- Tram Ho
For patients with COVID-19 infection, the ventilator may be a life-saving device. But the world is facing a huge wave of hospitalized patients, leading to the inability to have enough ventilators for everyone.
To combat the shortage, companies around the world are shifting their lines to ventilators. And creativity is everywhere.
When the whole world lacks breathing machines, creativity and compassion become limitless
In the US, automakers like Ford and Tesla think that the ventilator could be made similar to a car. A Japanese company is trying to redesign the veterinary ventilator to be used on people. A French diving mask maker thinks its products can support patients’ breathing without intubation.
Meanwhile, an Israeli arms company is now turning to ventilators to save lives. Take a look around the world, how breathing machines become a topic that attracts creativity:
Engineers at Tesla have created a prototype breathing machine using Model 3 electric car components.
At the end of March, Tesla CEO Elon Musk announced he would be willing to donate thousands of free ventilators to US hospitals if they were in short supply. But then, Musk faced a series of criticism when it turned out, the breathing machines he donated to the hospital were only breathing machines and could not save COVID-19 patients.
These breathing machines were originally used for patients with sleep apnea. A number of doctors had to remedy the device, including an extra breathing tube, air control unit and virus filter to be used on COVID-19 patients.
Since then, Tesla has had to correct its mistakes. They assembled a team of engineers to create a breathing machine that could really help patients with new coronary virus disease, taking advantage of the Model 3 electric car itself.
” We are working on developing our own ventilator design, namely a device based primarily on Tesla car parts, ” Joseph Mardall, technical director at Tesla, told Reuters.
In Michigan, Ford and GE plan to use an old car factory to build electric-powered ventilators.
Ford announced in late March that it was working on a plan with GE Health, using an old car factory to build air-powered ventilators instead of electricity. Such a ventilator could be deployed in field hospitals.
The two companies are expected to start the plant by the end of April. They plan to produce 50,000 ventilators in the first 100 days, and then ship 30,000 units each month.
A company in Tokyo is trying to redesign the veterinary ventilator into a human ventilator.
Metran, a small company in Japan, has been tasked by the government to improve breathing machines for animals into ventilators used for the COVID-19 pandemic. Mr. Tran Ngoc Phuc, founder of Metran, said:
Basically, humans and mammals have similar respiratory systems. Therefore, veterinary breathing machines can also be used for humans.

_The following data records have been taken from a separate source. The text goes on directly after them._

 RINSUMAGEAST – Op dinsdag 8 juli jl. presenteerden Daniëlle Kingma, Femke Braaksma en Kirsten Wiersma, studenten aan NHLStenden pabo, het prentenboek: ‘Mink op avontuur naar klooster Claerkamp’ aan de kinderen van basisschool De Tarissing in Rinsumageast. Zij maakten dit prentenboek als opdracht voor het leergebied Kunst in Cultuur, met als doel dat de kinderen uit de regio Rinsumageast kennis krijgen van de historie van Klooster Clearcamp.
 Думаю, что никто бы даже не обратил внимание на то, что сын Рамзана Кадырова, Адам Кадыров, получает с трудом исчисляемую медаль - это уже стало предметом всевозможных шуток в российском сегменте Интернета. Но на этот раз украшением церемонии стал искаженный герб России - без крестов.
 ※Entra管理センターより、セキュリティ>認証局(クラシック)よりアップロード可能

Metran itself also produces breathing machines for humans, specifically babies. But Mr. Tran Ngoc Phuc said that in the current urgent situation, improving breathing machines for animals is a better direction.

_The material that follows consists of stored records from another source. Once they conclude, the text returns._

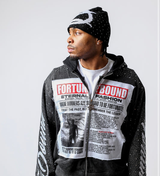 Black “Eternal Fashion” Rhinestone Zip Up Jackets
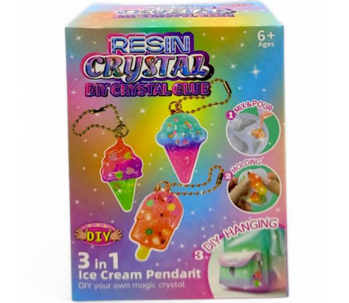 Набір для творчості з допомогою якого можна створити прикраси з епоксидної смоли. У комплекті є все необхідне для трьох невеличких прикрас розміром приблизно 5 см. 2 баночки з епоксидною смолою, 4 види блискіток, елементи декору, ланцюжки, молд силіконовий на 3 фігурки, мірна склянка, склянка для змішування, пінцет пластиковий, деревʼяні лопатки, рукавички, детальна інструкція. Виготовлено з якісних та безпечних матеріалів. Для дітей старше 6 років.
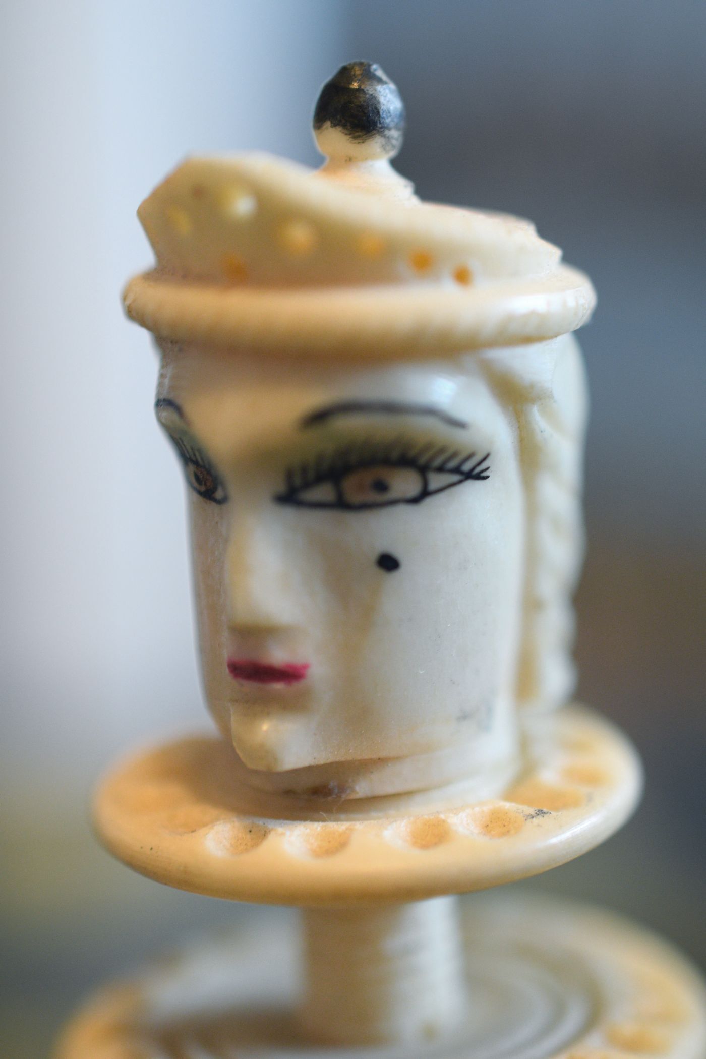 The kings, queens, bishops and pawns are shown with painted faces and very emphasized large eyes with painted brows and lashes and a blue eyeshadow. The kings with pointed beards and a round crown. The queens with a small black "mouche" on the left cheek. Mouches are small, black beauty patches, which were - mainly by fashion avid females - applied to the powdered face to emphasize the pale skin. They were extremely popular in 17th and 18th century French fashion.

This is because these machines have low production costs, can produce quickly on a large scale. They also have a simpler control system, so basic medical staff can also use them.
When the epidemic breaks out on a large scale, we will lack experienced physicians using ventilators, so new doctors can be trained quickly to use Metran’s ventilators. Representatives in the United Kingdom, the United States and India have also contacted the company to learn the idea.

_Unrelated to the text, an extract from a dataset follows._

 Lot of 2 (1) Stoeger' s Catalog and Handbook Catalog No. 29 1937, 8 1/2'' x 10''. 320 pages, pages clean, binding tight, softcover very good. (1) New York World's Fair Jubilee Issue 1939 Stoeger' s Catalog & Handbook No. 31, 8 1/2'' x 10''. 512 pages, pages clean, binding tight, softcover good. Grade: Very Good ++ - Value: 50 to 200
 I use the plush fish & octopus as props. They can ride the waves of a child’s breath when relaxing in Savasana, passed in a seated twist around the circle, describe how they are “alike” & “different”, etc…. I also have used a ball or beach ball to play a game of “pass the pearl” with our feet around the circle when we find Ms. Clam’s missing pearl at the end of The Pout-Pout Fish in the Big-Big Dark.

A company in Israel famous for making rockets has turned to manufacturing breathing machines to save people.
In Tel Aviv, Israel, Aerospace Industries is best known for making rockets. But the defense company has started using its rocket factory to manufacture breathing machines. In early April, they delivered the first batch of 30 units to the Israeli Ministry of Health.
At a clinic in France, doctors are using scuba masks to help patients COVID-19 breathe.
Ambroise Pare Clinic, a clinic on the outskirts of Paris that utilizes snorkel masks and breathing apparatus as a respiratory aid for COVID-19 infected patients. These masks have two advantages, one is that they do not need to be intubated, the other is that they are tight so they do not release aerosol particles carrying the virus of the patient into the air.
In Belgium, an engineer came up with a respirator adapter that could be printed in 3D.
Albert de Beir, a technical teacher at Belgium’s Vrije Brussel University, built an adapter for a respirator mask. The special thing is that it can be produced quickly based on 3D printing technology.
Prototypes using medical plastics have received a large order.
In the Czech Republic, researchers have designed a simple ventilator, which can be produced anywhere in the world.
This design will be released for free so anyone with a technical level can copy it and use it for medical purposes. Scientists and volunteer engineers behind the project said their ventilators would cost only one fifth of the market price, according to Reuters.
In Slovakia, these students built a temporary ventilator for patients with COVID-19.
Student inventors are studying at Comenius University in Bratislava, Slovakia. They invented a prototype of a ventilator called Q-Vent. The device can be used for COVID-19 patients with mild respiratory distress, who are waiting for mechanical ventilation if their condition progresses to a more serious level.